Soccer player unions and leagues in Europe go to Brussels with latest legal challenge against FIFA
In a busy soccer season when players have talked of going on strike, their union teamed up with domestic leagues to go to the European Union on Monday with a long-promised challenge to FIFA about how it adds new and bigger men’s competitions.
The European division of player union FIFPRO and the 33-nation European Leagues group filed a formal complaint on competition grounds, alleging FIFA fails to consult properly on decisions that are to its commercial benefit.
It is the latest dispute playing out in the legal arena, where FIFA has been pressured in the past year by rulings related to the European Super League, player agent regulations and — just this month — the global transfer market.
On the field, FIFA will launch a 32-team Club World Cup — including 12 from Europe — in the United States next June and July, and the 2026 World Cup, also in North America, will have 48 teams instead of 32 and last for one extra week.
FIFPRO said “the oversaturated international football calendar risks player safety and wellbeing,” and at a briefing played a video montage of Kylian Mbappé and star players talking about their increasing workload.
“You have so many competitions and we are happy to play but when it’s too much, it’s too much,” Mbappé said at an awards ceremony in May.
The France superstar is set to go to the Club World Cup with Real Madrid.
The complaint delivered Monday to the European Commission targets FIFA, which manages the calendar of protected dates for national-team games. Clubs must release players who are selected.
“The complainants are not seeking financial compensation from FIFA, but instead a fair and inclusive decision-making procedure,” their lawyer Mark English said, adding the EC was asked to make a “cease and desist” decision on FIFA breaking European competition law.

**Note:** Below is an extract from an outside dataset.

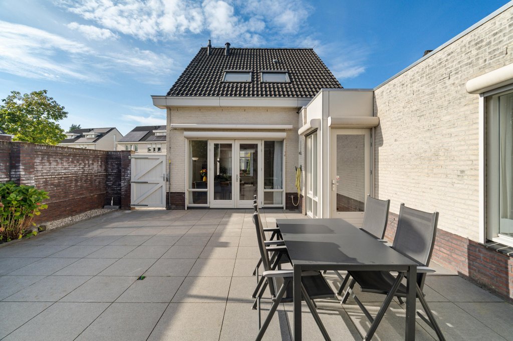 De onderhoudsvriendelijke achtertuin is een fijne plek om te ontspannen of gezellig te barbecueën in de zomer. Dankzij de gunstige ligging geniet u hier van veel privacy.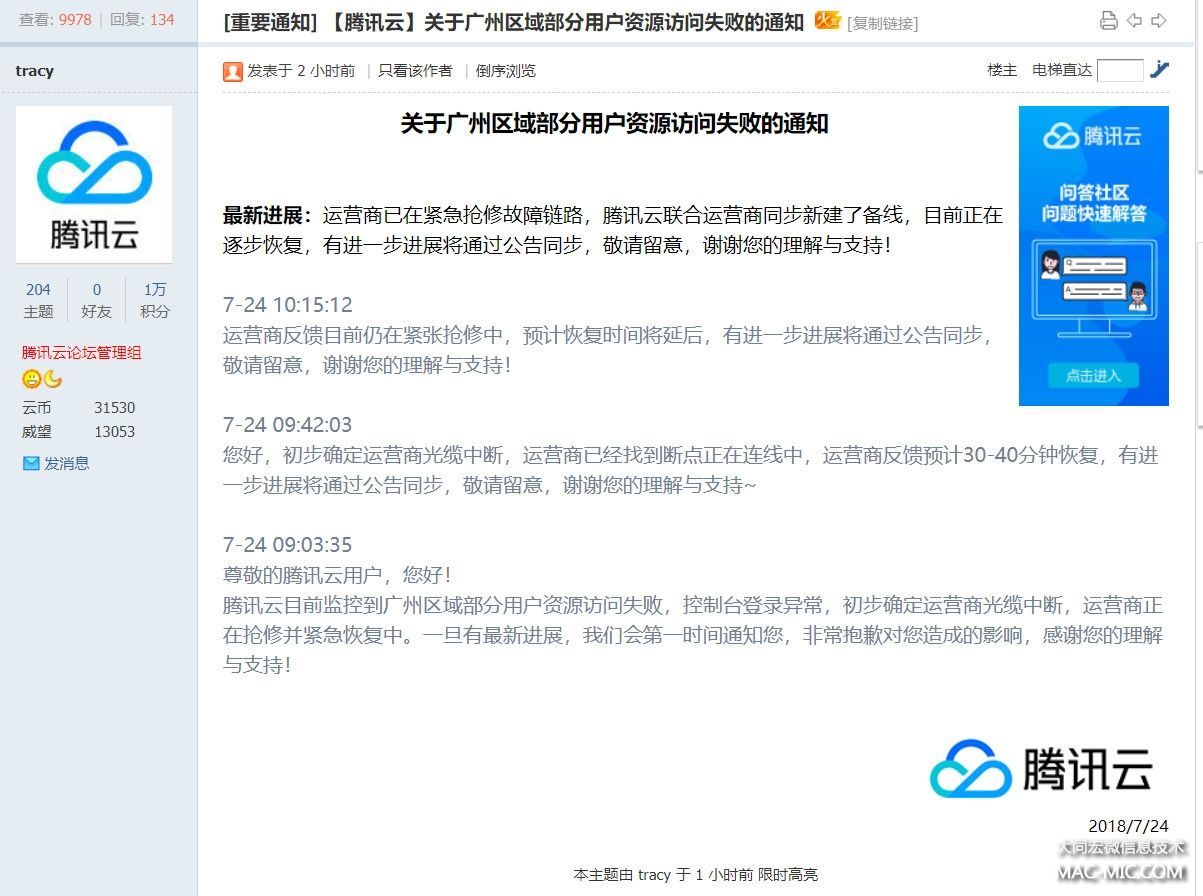 前沿?cái)?shù)控技術(shù)在微博中表示,在業(yè)務(wù)量的需求下,公司使用了騰訊云,可“災(zāi)難”發(fā)生在2018年7月20日。接下來(lái)的兩天,騰訊云組織了技術(shù)專(zhuān)家來(lái)對(duì)此次故障進(jìn)行補(bǔ)救,但前沿?cái)?shù)控技術(shù)公司數(shù)據(jù)還是丟失了。

It does not cite European soccer body UEFA, which this season has committed hundreds of players to extra competitive games by expanding three of its men’s international competitions: the Champions League and Europa League for clubs, and the Nations League, which has a new playoffs system.
“We have some representation (at UEFA) and we use that,” English Premier League lawyer Mathieu Moreuil said, when asked why the European body was left off the complaint. “With FIFA we have literally nothing.”
Officials from leagues, clubs and unions once had a formal seat at the table with FIFA on its Football Stakeholder Committee. It was shut down in 2021 by president Gianni Infantino.
This season, Europe’s domestic leagues have had their fixture scheduling options squeezed by four extra midweeks from September through January now occupied by UEFA club competitions.
However, FIFA's new club event was compared by Belgian league CEO Lorin Parys as a threat, like the Super League plan by elite clubs defeated in 2021 by a fan-led backlash.
“Here comes FIFA through our back door whistling and yelling: ‘Surprise,’ saying: ‘We have got a present for you guys’, and it’s really the Super League under a different name,” Parys said.
The leagues’ grievance with FIFA is also in not being fully consulted during talks to agree the latest calendar renewal through 2030 for national-team games, which mostly force them to shut down lucrative weekend fixture slots.
FIFA has said its offers this year of talks were not taken up.
The complaint in Brussels, to the executive arm of the 27-nation EU bloc, also was joined by Spain’s La Liga and claims FIFA abuses its dominant position in soccer.
FIFA’s role, the complaint states, as governing body and regulator conflicts with its commercial objectives as a competition organizer.
FIFA previously suggested there was hypocrisy in European soccer, which sees clubs play lucrative offseason games worldwide, while it had a global duty to protect and develop the game.